Material provided:
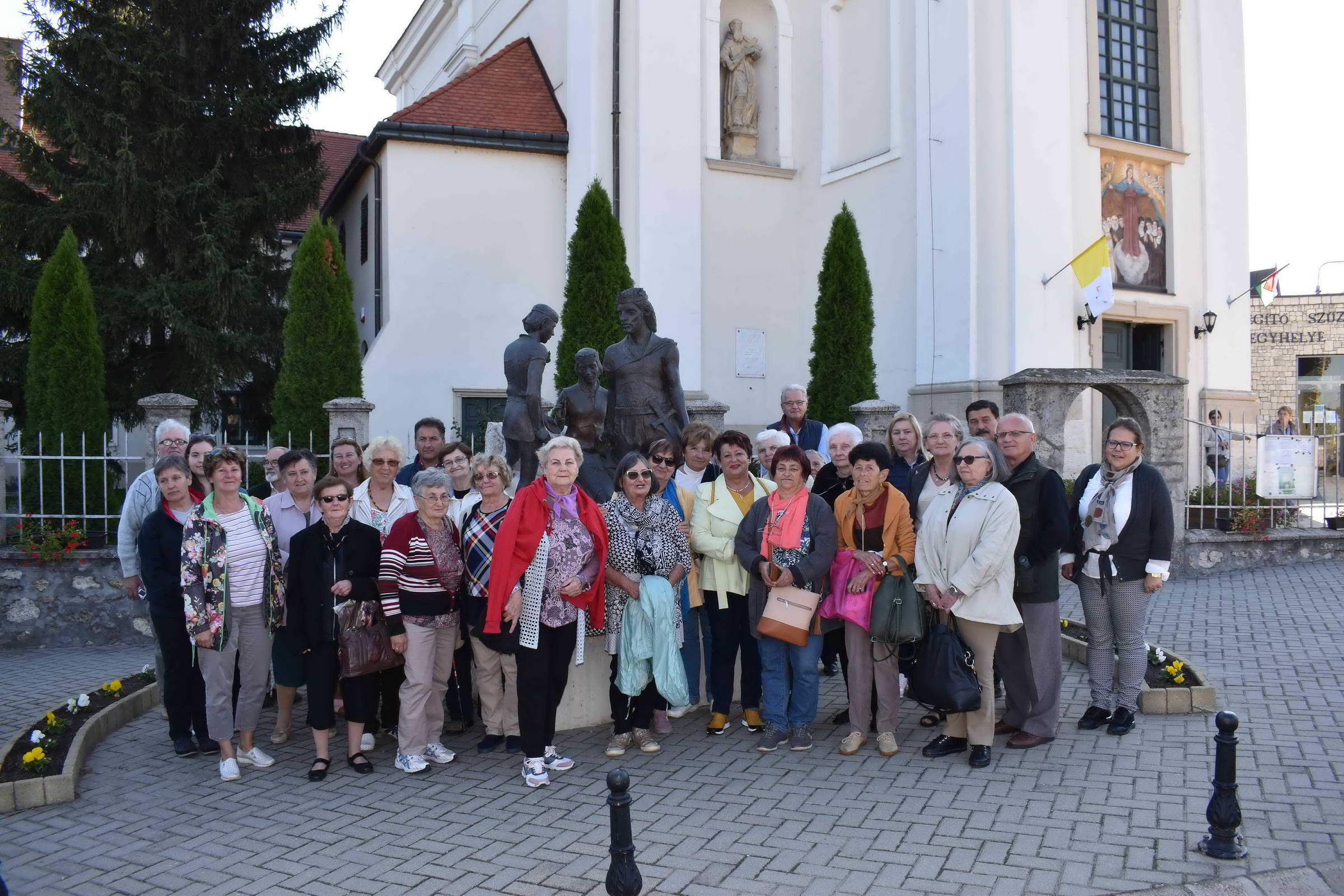 Az autóbuszos utazás első állomásaBodajk volt, ahol a Mindenkor Segítő Szűz Mária Kegyhelyen egy helyi idegenvezető-nő adott tájékoztatást a település történetéről. A csoport résztvevői megtudták, hogy már Szent István király is látogattaa kegyhelyet, majd a török hódoltság után, az újkori felvirágoztatása, a településen 1695-ben megjelenő kapucinus szerzeteseknek köszönhető. A koldulórendi barátok vélhetően a középkori alapokra építettek kápolnát, amelybe a környékbeli falvakba betelepített német ajkú lakosság körében nagy tiszteletnek örvendő Segítő Szűz Mária kegyképét helyezték el. Ez az 1728 és 1742 között felépült barokk templom látható ma. A plébániaépület 1755-ben épült kapucinus rendházként. A kolostor kertjéből leválasztott szépen felújított zarándokudvart, benne a hűs vizű forrással, valamint a szomszédos Kálvária-hegyre vezető keresztutat szintén a 18. század közepén alakították ki.
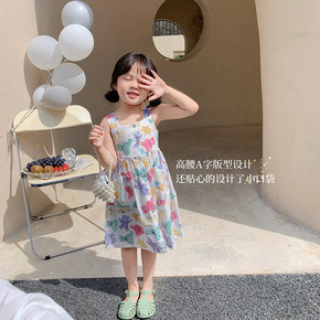女童连衣裙 2022夏季新款韩版童装背带裙花朵连衣...
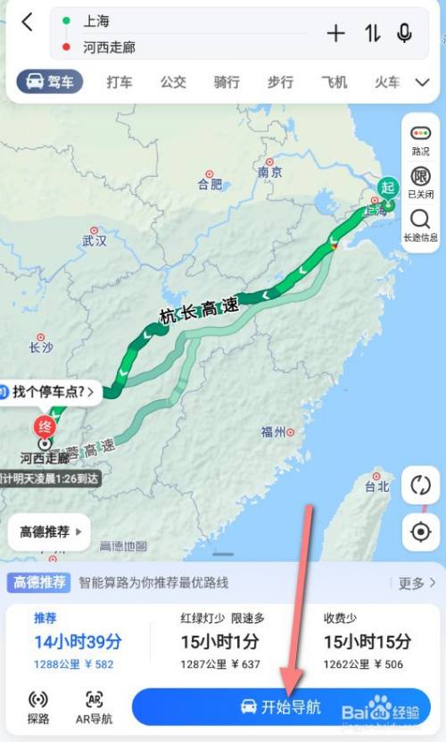 然后输入自己的起始地址和河西走廊并选择,如下图所示。
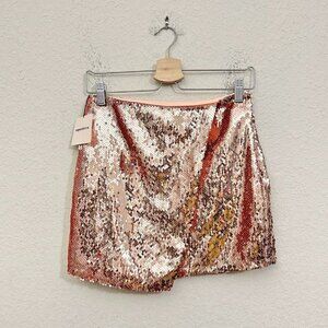 NWT Womens Size Medium Superdown Revolve ose Gold Pink Sequin Mini Skirt NEW

Work order: None of the pictures should be kept; reproduce all the remaining material exactly.

Your solution:
 Az autóbuszos utazás első állomásaBodajk volt, ahol a Mindenkor Segítő Szűz Mária Kegyhelyen egy helyi idegenvezető-nő adott tájékoztatást a település történetéről. A csoport résztvevői megtudták, hogy már Szent István király is látogattaa kegyhelyet, majd a török hódoltság után, az újkori felvirágoztatása, a településen 1695-ben megjelenő kapucinus szerzeteseknek köszönhető. A koldulórendi barátok vélhetően a középkori alapokra építettek kápolnát, amelybe a környékbeli falvakba betelepített német ajkú lakosság körében nagy tiszteletnek örvendő Segítő Szűz Mária kegyképét helyezték el. Ez az 1728 és 1742 között felépült barokk templom látható ma. A plébániaépület 1755-ben épült kapucinus rendházként. A kolostor kertjéből leválasztott szépen felújított zarándokudvart, benne a hűs vizű forrással, valamint a szomszédos Kálvária-hegyre vezető keresztutat szintén a 18. század közepén alakították ki.
女童连衣裙 2022夏季新款韩版童装背带裙花朵连衣...
 然后输入自己的起始地址和河西走廊并选择,如下图所示。
 NWT Womens Size Medium Superdown Revolve ose Gold Pink Sequin Mini Skirt NEW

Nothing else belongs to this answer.